N.Y.'s Spitzer Names Key Personnel to Advisory Teams
BYLINE: Ted Phillips
New York Governor-elect Eliot Spitzer yesterday announced the formation of 13 policy advisory committees that will meet four times and make recommendations before he takes office on Jan. 1.
The committees range from arts and culture to economic development, government reform, and transportation. Spitzer did not form a committee to look specifically at the state budget. "Each one of these committees, through its decisions, has an effect on the budget," Spitzer said. "The budget, in a way, is the overarching document that reflects the substantive decisions we make here."
Spitzer said working groups are now digging into financial issues with the assistance of the state department of budget. The executive budget is due to the state legislature on February 1 and the transition team is searching for a new budget director. The state's budget grew by 78.9% during Gov. George Pataki's 12 years in office to $110.74 billion for the current fiscal year, according to the 2006-2007 executive budget. With the state facing a budget gap of $2.5 billion in the next fiscal year, Spitzer said that the state's budget situation is dire. "The cupboard is bare and there isn't much there that hasn't been sold, given away, or spent," Spitzer said. "That is a reality that we are ready to confront in a budget that will be tough to craft given our priorities, but we're going to make those tough decisions."
New York was the fifth largest debt issuing state in 2005, according to Thomson Financial. State authorities issue more than 90% of the state's debt, according to the state comptrollers' office. Spitzer said during his campaign that he would reform debt policy but his policy director for the transition team, Paul Francis, said they had no specific plan yet on what those reforms will be.
The economic development committee will be chaired by Felix Rohatyn, former chair of the New York Municipal Assistance Corp. that was created in 1975 to help New York City get out of a fiscal crisis, Ken Chenault, chief executive of American Express, and Dan Carp, former chief executive of Eastman Kodak.
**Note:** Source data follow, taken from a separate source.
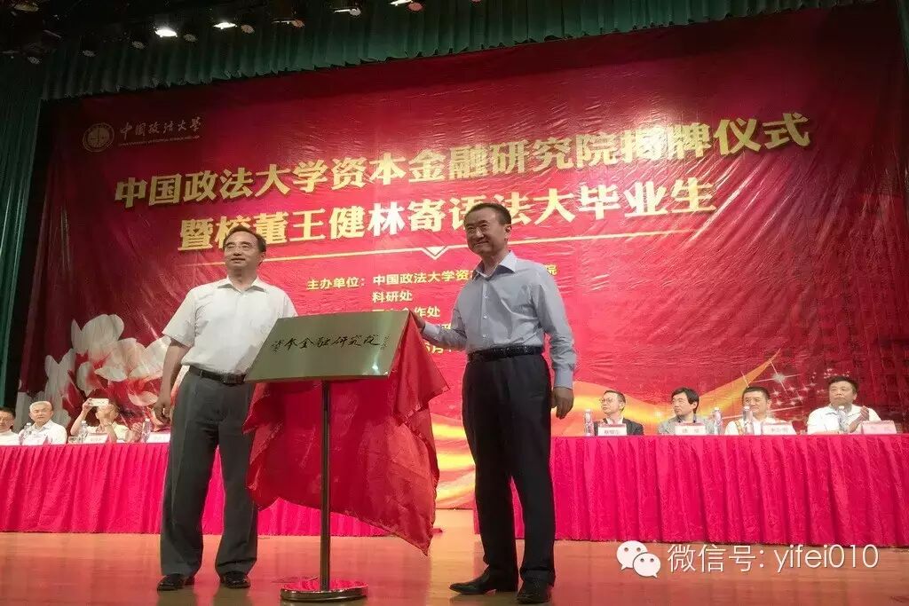 中国政法大学资本金融研究院6.18揭牌,校董王健林出席并寄语法大毕业生“有目标、找方法、能坚持” |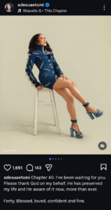 Now a proud mother of two, Adesua described herself as “forty, blessed, loved, confident and fine,” a statement that resonated strongly with many of her followers.
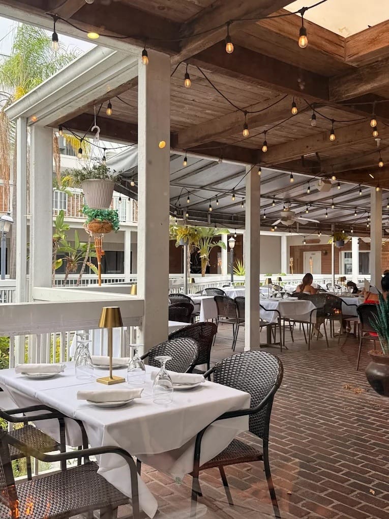The dining room is cozy with white tablecloths and well‑spaced tables. There’s a small bar up front that doubles as the restaurant’s pisco hub. And if the weather cooperates, a handful of outdoor tables extend the room onto a peaceful deck which is the ideal place to enjoy this meal.

Among the remaining 26 members of the committee are H. Sidney Holmes III, senior partner at Winston Strawn LLP, Sallie L. Krawcheck, chief financial officer of Citigroup, James Parrott, deputy director of the Fiscal Policy Institute, and Richard Rosenbaum, managing shareholder of the New York office of Greenberg Traurig.
Robert Abrams -- a former New York state attorney general, member of the state Assembly, and past Bronx Borough President -- will chair the committee on government reform along with and Leecia Roberta Eve, who served as counsel for Sen. Hillary Clinton.
Other members of the reform committee are Diana Fortuna, executive director of the Citizens Budget Commission, and Richard Nathan, co-director of the Nelson A. Rockefeller Institute of Government. Other notable committee members include: Alan Aviles, president of the Health and Hospital Corp. on the health committee; John Kelly, partner at Nixon Peabody LLP on the housing committee; and Susan Kupferman, president of MTA Bridges and Tunnels of the Metropolitan Transportation Authority on the transportation committee.